In a letter led by Rep. Yvette Herrell of New Mexico, the Republicans urged Mr. Manchin, the West Virginia Democrat who heads the Senate Energy and Natural Resources Committee, to vote against confirming Ms. Stone-Manning, which would effectively kill her nomination.
“Given the Biden Administration’s supposed concern for domestic terrorism, this nomination is particularly puzzling and worrisome,” said the letter. “Tree-spiking is a form of ecoterrorism, considered by the FBI at one point as one of its highest domestic terrorism priorities.”
Ms. Stone-Manning has admitted to retyping, editing and mailing an anonymous letter in 1989 on behalf of her activist friends warning the Forest Service about spiked trees in Idaho’s Clearwater National Forest, an act of eco-sabotage aimed at stopping a timber sale.
She testified against the activists in exchange for immunity from prosecution in 1993, but on her Senate committee questionnaire, she said she had never been the target of a federal investigation, prompting ranking member Sen. John Barrasso, Wyoming Republican, to accuse her of lying.
Mr. Barrasso and Sen. Jim Risch, Idaho Republican, have said they will vote against the nominee.
Among the signers of the House letter was Rep. Don Young, Alaska Republican, the longest-serving GOP member of Congress.
Another signer, Colorado Rep. Lauren Boebert, said President Biden “should pull the nomination of a proven ecoterrorist to lead the Bureau of Land Management,” calling Ms.
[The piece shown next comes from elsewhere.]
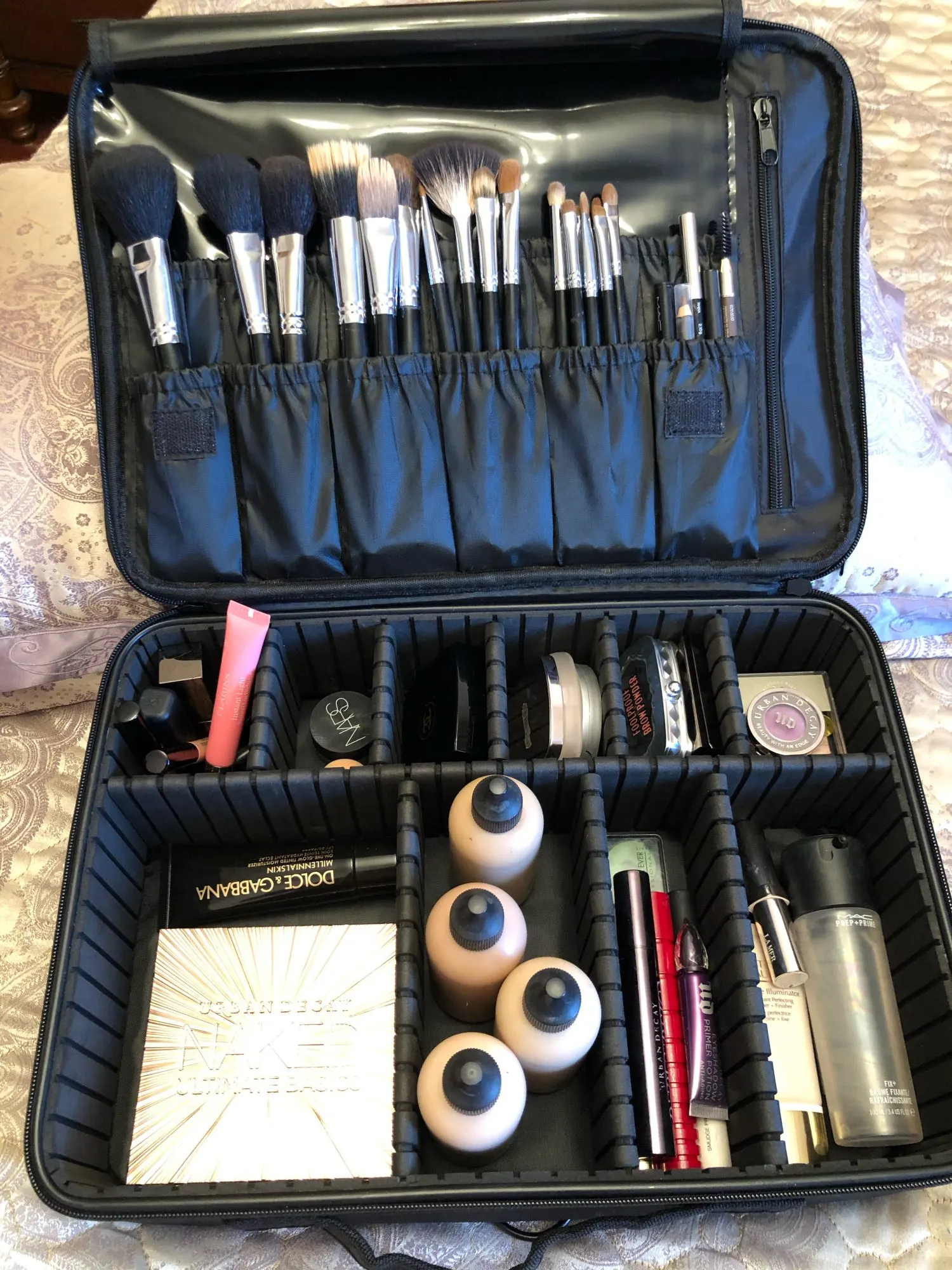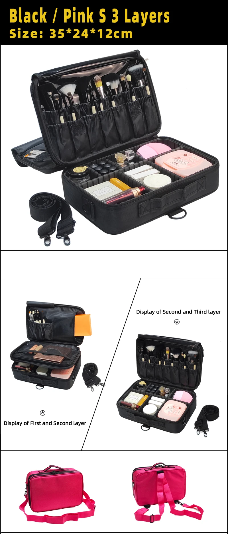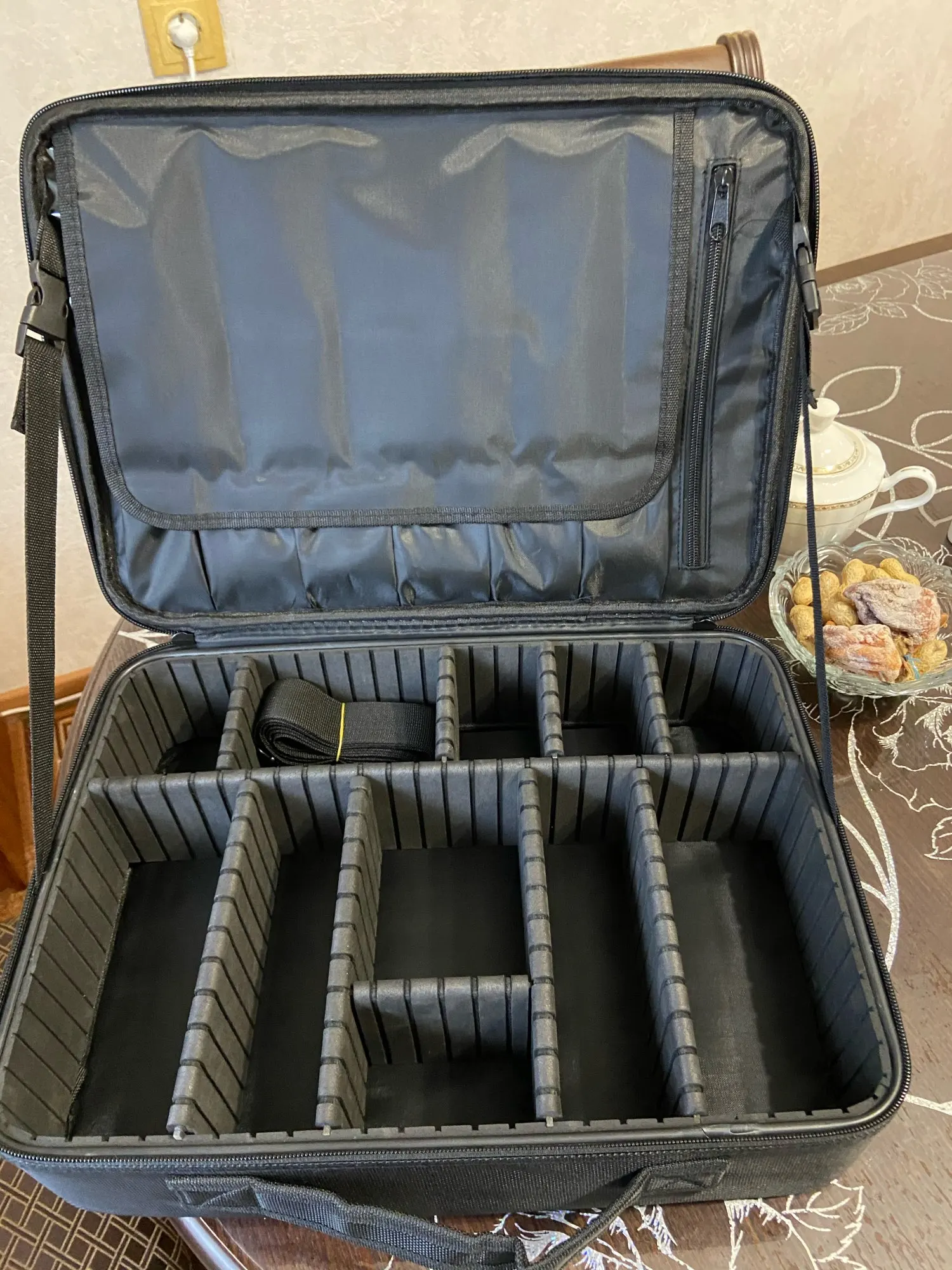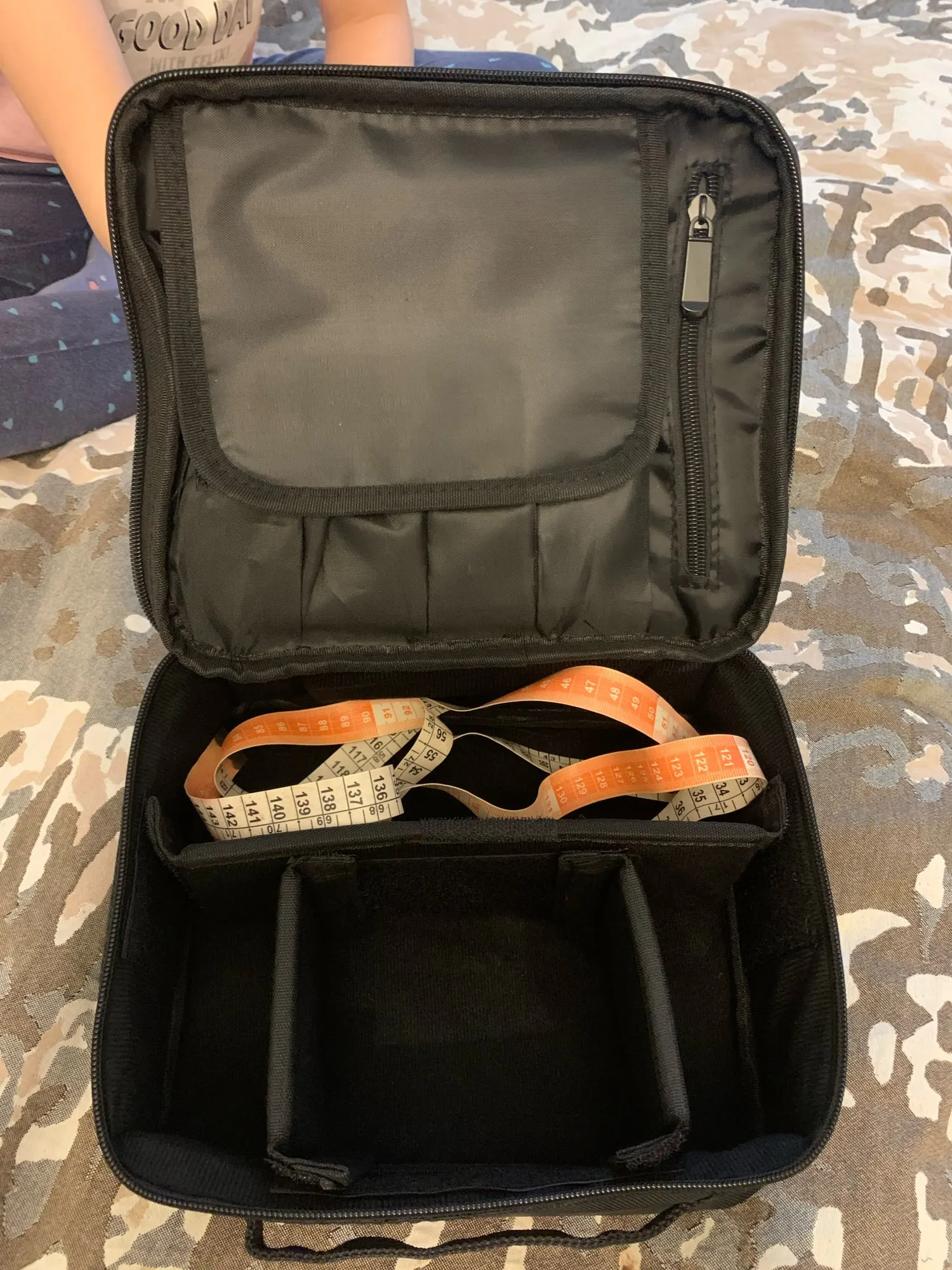 Очень хорошее качество! Заказал самый большой, и он прибыл в течение 2 недель. Вы можете настроить отсеки в чехле по своему вкусу. Заказ был аккуратно упакован и хорошо защищен. Есть ремешок, который вы можете прикрепить к любой Стороне, так что вы также можете носить его на плече. Мне нравится этот товар, и я не жалею о его заказе. Теперь я наконец-то могу хранить весь свой макияж в одном месте. Я вежливо повторил это!

Stone-Manning a “radicalized extremist.”
“Her criminal involvement in ecoterrorist activities is so extreme that even Obama’s Bureau of Land Management director [Bob Abbey] called on Biden to withdraw her nomination,” said Ms. Boebert in a statement. “America does not negotiate with terrorists, and it certainly shouldn’t appoint one to lead a federal agency.”
Mr. Abbey, who headed the agency from 2009-12, said earlier this month that he had reversed his previous support for Ms. Stone-Manning and urged her to withdraw from consideration to lead the agency, which manages 245 million acres of federal land.
The White House has stood by Ms. Stone-Manning, saying that she has “always been honest and transparent about this matter, which has been covered by the media for decades, and ultimately testified against the responsible individual, who was convicted.”
Ms. Stone-Manning, who was a graduate student at the University of Montana when she sent the letter, said in her 1993 grand jury testimony that she agreed to mail the profanity-laced warning because “I didn’t want anybody getting hurt as a result of trees being spiked.”
Mr. Manchin has not yet indicated whether he will support the nominee. Ms. Stone-Manning’s confirmation hearing was June 8, but the committee has not scheduled a vote.
The loss of even one Democratic vote would likely defeat the nomination in the 50-50 Senate.